[Collected data]
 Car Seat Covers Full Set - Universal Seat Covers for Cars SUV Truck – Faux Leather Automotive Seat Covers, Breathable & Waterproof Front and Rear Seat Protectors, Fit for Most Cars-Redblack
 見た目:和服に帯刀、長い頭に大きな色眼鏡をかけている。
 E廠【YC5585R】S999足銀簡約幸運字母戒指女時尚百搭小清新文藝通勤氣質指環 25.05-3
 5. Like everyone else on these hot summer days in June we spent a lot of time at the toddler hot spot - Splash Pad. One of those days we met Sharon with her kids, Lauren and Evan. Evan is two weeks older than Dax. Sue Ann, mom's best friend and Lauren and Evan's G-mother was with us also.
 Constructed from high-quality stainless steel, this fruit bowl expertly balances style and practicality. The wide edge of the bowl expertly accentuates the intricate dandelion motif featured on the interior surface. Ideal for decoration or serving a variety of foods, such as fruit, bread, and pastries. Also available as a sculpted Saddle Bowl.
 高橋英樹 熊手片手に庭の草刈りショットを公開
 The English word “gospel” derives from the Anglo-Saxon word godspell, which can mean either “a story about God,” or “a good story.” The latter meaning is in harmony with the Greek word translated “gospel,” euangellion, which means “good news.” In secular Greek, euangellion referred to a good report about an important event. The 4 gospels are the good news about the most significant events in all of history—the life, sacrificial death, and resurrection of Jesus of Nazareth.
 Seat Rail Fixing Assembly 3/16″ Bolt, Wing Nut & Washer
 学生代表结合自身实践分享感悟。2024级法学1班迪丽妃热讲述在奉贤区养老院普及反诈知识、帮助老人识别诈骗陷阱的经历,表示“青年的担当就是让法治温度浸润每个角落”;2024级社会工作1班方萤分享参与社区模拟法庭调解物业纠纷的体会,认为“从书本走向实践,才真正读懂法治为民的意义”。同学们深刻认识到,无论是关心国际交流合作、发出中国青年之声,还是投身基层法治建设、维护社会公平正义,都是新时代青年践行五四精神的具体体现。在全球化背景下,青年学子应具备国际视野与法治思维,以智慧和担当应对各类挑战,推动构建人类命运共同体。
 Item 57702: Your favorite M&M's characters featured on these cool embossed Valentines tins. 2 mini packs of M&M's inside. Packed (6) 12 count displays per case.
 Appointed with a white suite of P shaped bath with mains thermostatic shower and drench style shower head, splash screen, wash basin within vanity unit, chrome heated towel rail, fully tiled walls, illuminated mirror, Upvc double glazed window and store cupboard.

__Work instructions__. Nothing but a number should be given: the count of lines above that include the string "Seat".

__Solution for this problem__. 2